I'm very new to Rust but I'm well versed in C++ so the main hurdle thus far has been working with the ownership semantics - I'm guessing there's a trivial way to achieve this (without using unsafe) but the solution isn't clear to me. I've written a small (broken) example of what I'm trying to do:

pub struct Child<'a> {
    pub slice: &'a mut [f32],
}

impl Child<'_> {
    pub fn new<'a>(s: &mut [f32]) -> Child {
        Child {
            slice: s,
        }
    }
}

pub struct Parent<'a> {
    memory_pool: Vec<f32>,
    children: Vec<Child<'a>>,
}

impl Parent<'_> {
    pub fn new<'a>() -> Parent<'a> {
        const SIZE: usize = 100;
        let p = vec![0f32; SIZE];
        let mut p = Parent {
            memory_pool: p,
            children: Vec::new(),
        };
        // Two children using different parts of the memory pool:
        let (lower_pool, upper_pool) = p.memory_pool.split_at_mut(SIZE / 2);
        p.children = vec!{ Child::new(lower_pool), Child::new(upper_pool) };
        return p; // ERROR - p.memory_pool is borrowed 2 lines earlier
    }
}

I would prefer a solution that doesn't involve unsafe but I'm not entirely opposed to using it.
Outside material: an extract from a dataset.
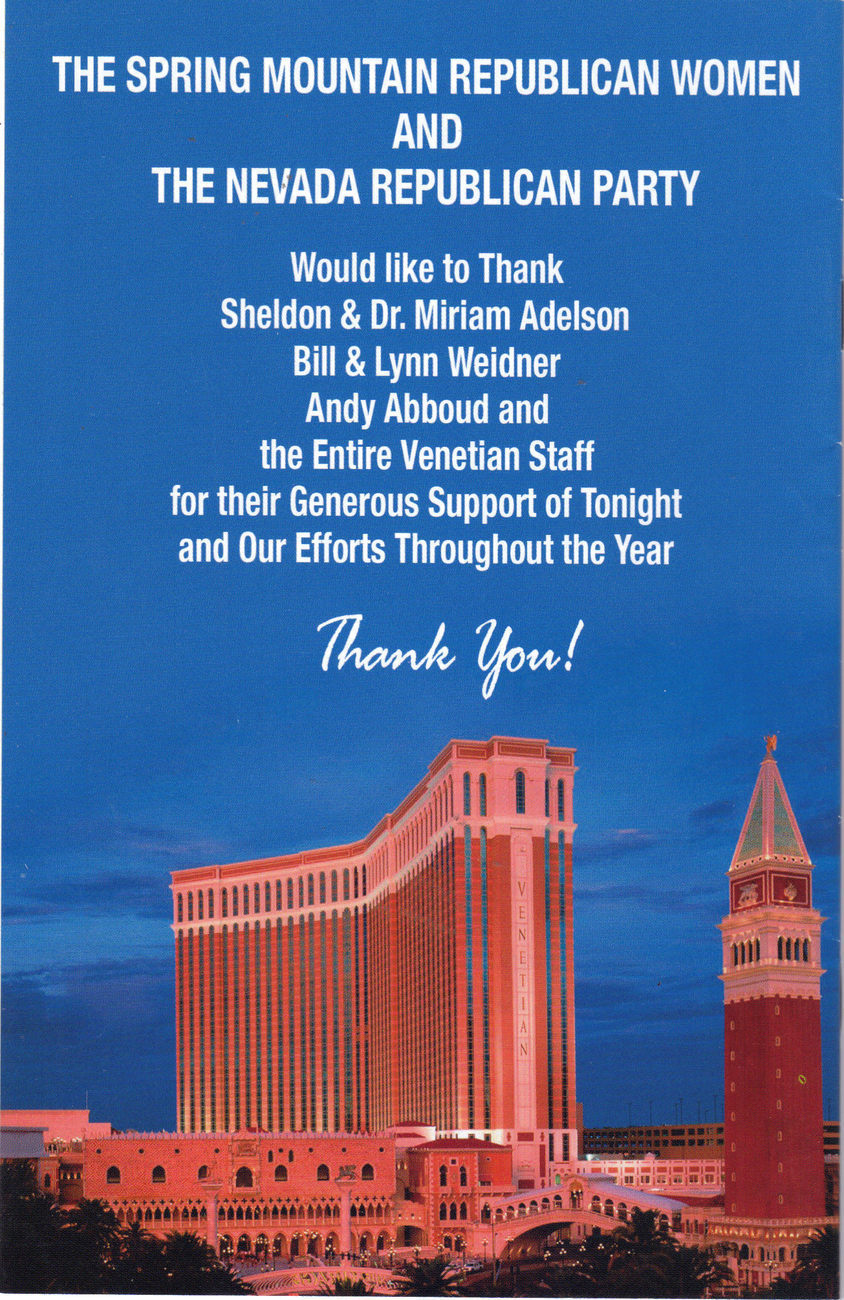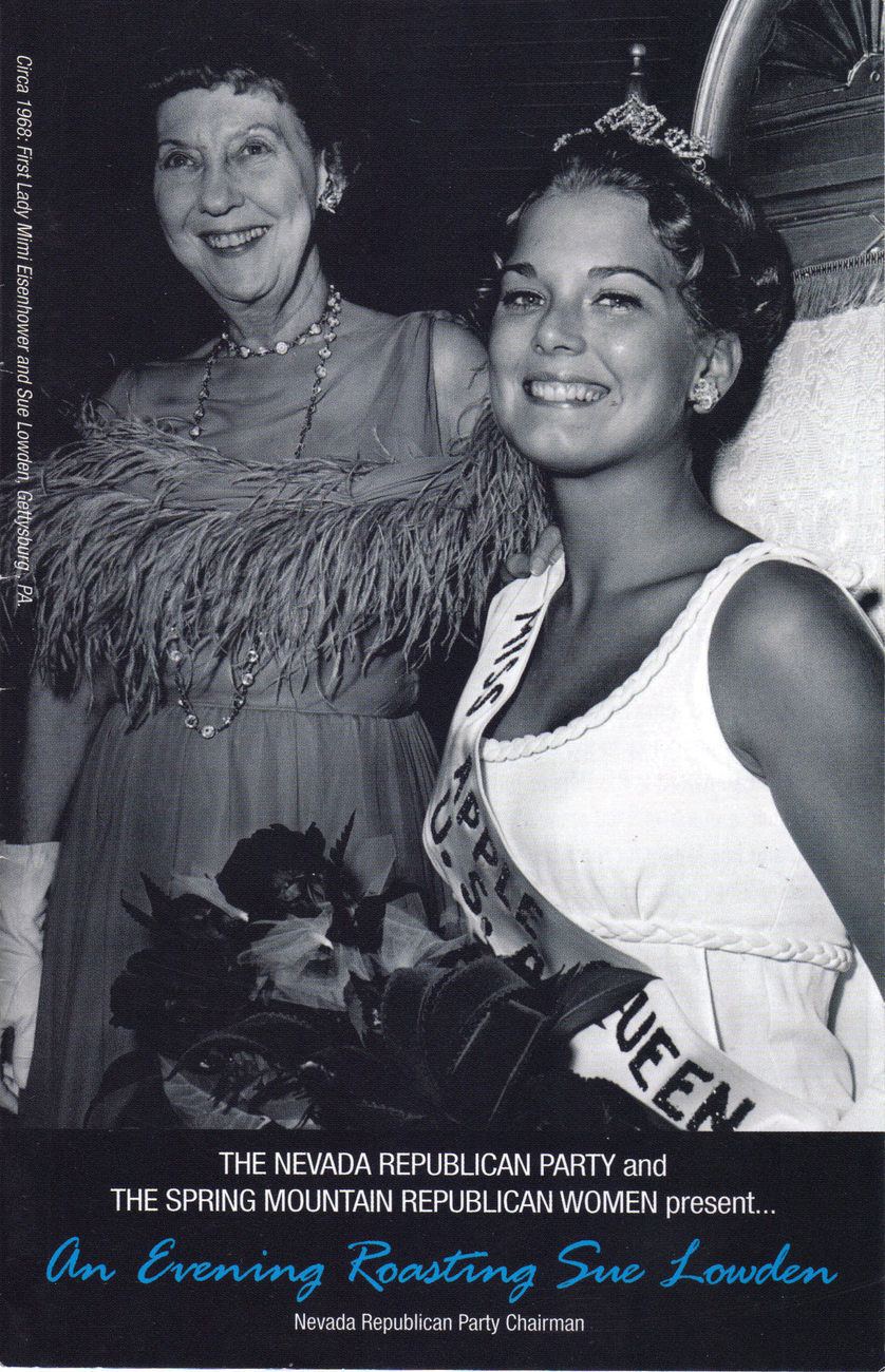 This is the official Event Program by The Nevada Republican Party and The Spring Mountain Republican Women presenting " An EVENING ROASTING SUE LOWDEN", Nevada Republican Party Chairman.

Any suggestions would be very much appreciated, as would any corrections on how I'm (mis?)using Rust in my example.

Upvotes: 2

Views: 851

Answers (2)

edwardw
edwardw

Reputation: 13942

This is the perfect use case for an arena allocator. There are quite a few. The following demonstration uses bumpalo:

//# bumpalo = "2.6.0"

use bumpalo::Bump;
use std::mem::size_of;

struct Child1(u32, u32);

struct Child2(f32, f32, f32);

fn main() {
    let arena = Bump::new();
    let c1 = arena.alloc(Child1(1, 2));
    let c2 = arena.alloc(Child2(1.0, 2.0, 3.0));
    let c3 = arena.alloc(Child1(10, 11));    

    // let's verify that they are indeed continuous in memory
    let ptr1 = c1 as *mut _ as usize;
    let ptr2 = c2 as *mut _ as usize;
    let ptr3 = c3 as *mut _ as usize;
    assert_eq!(ptr1 + size_of::<Child1>(), ptr2);
    assert_eq!(ptr1 + size_of::<Child1>() + size_of::<Child2>(), ptr3);
}

There are caveats, too. The main concern is of course the alignment; there may be some padding between two consecutive allocations. It is up to you to make sure that doesn't gonna happen if it is a deal breaker.

The other is allocator specific. The bumpalo arena allocator used here, for example, doesn't drop object when itself gets deallocated.

Other than that, I do believe a higher level abstraction like this will benefit your project. Otherwise, it'll just be pointer manipulating c/c++ disguised as rust.

Upvotes: 0

djc
djc

Reputation: 11711

Yes, it's currently impossible (or quite hard) in Rust to contain references into sibling data, for example, as you have here, a Vec and slices into that Vec as fields in the same struct. Depending on the architecture of your program, you might solve this by storing the original Vec at some higher-level of your code (for example, it could live on the stack in main() if you're not writing a library) and the slice references at some lower level in a way that the compiler can clearly infer it won't go out of scope before the Vec (doing it in main() after the Vec has been instantiated could work, for example).